- Born: 1964
- Education: Brown University (B.A.) University of Washington (M.F.A.)
- Known for: New media, installation art
- Movement: Digital Art
- Website: deborahaschheim.com

= Deborah Aschheim =

American artist (born 1964)

Deborah Aschheim (born 1964) is an American new media artist. She has exhibited her work internationally, in the United States and in Europe. She is best known for her exhibition Involuntary Memories. Her work includes video sculptures and focuses on memory, memory loss, and place. She describes her work as an attempt to understand memory from both a personal and emotional perspective. Her work was included in an exhibition at the Suyama Space in Seattle in 2013.

Aschheim was a 2007 Artist-in-Residence at the McColl Center for Art + Innovation in Charlotte, NC.

==Education==
Aschheim graduated with a B.A. in Anthropology with Honors and Studio Art from Brown University in 1986, and a MFA in Sculpture from the University of Washington in 1990.

==Involuntary Memories==
Aschheim’s Involuntary Memories is a unique installation that utilizes several different art forms including drawings, sculptures, artifacts, and interviews completed in 2011-2012 at the Orange County Great Park (formerly known as the Marine Corps Air Station El Toro). The piece focuses on the relationships that people who lived during the Richard Nixon/ Vietnam War era now have with the period nearly 40 years later.

For this piece, Aschheim chose to create original works of art in the form of sculptures and drawings gaining inspiration mainly from UC Irvine’s Archives and Special Collections.

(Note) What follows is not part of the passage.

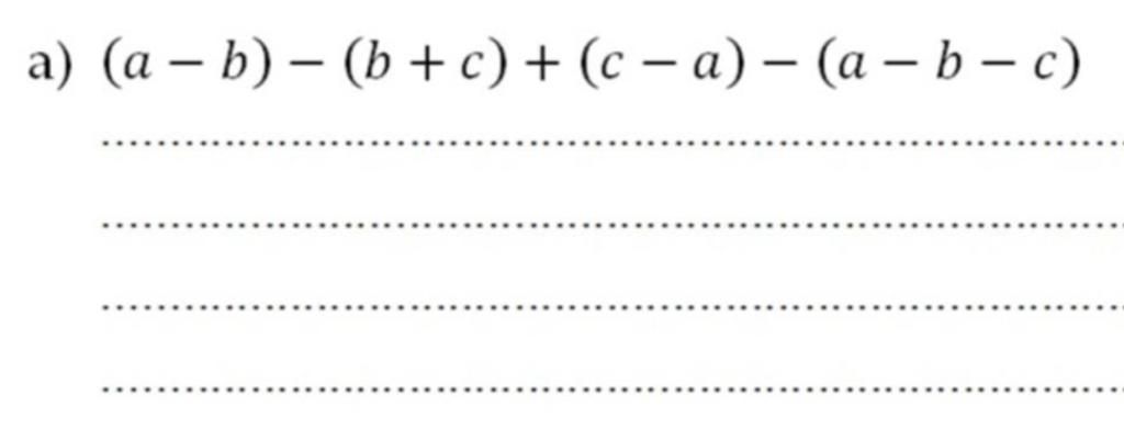 `a) (a-b)-(b+c) +(c-a) -(a-b-c)`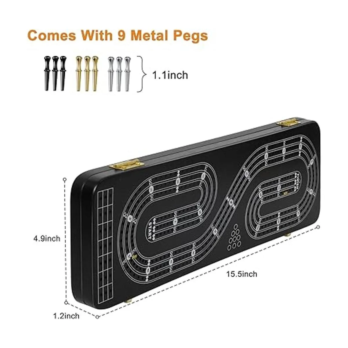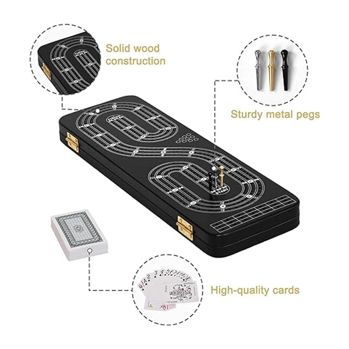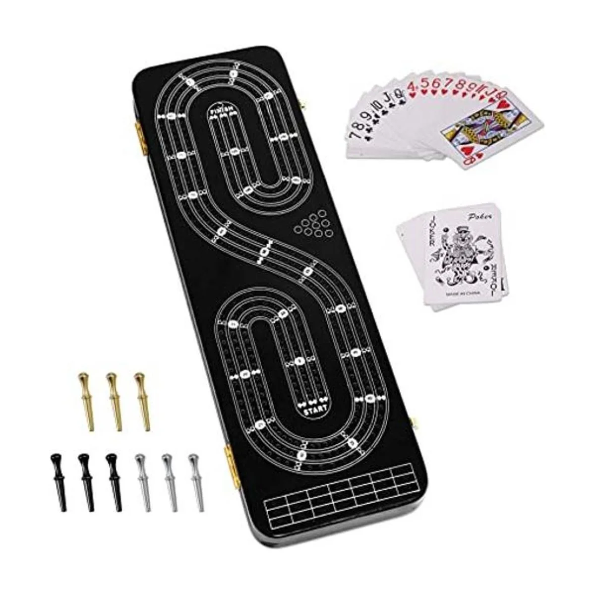 Juego de mesa de cribage, 3 pistas, 2 áreas de almacenamiento, con 9 clavijas de metal, 2 barajas de cartas de juego e instrucciones idioma español no garantizado

She then used these creations and added the text from the interviews she conducted in her open studio. The interviews showed both sides of the anti- and pro-war arguments during this era.

There was also a video played by Penny Lane and Brian Frye that showcased a few excerpts from The Silent Majority: Super 8 Home Movies from the Nixon White House. Penny Lane and Brian Frye also produced a video titled “Our Nixon” which used archival footage of home movies by Nixon staffers. Meg Linton also wrote an intro for the exhibition. Indre Viskonta also wrote an essay regarding the piece. Involuntary Memories was an installation piece in Great Park Art Gallery, Orange County Great Park, Irvine, California 2013.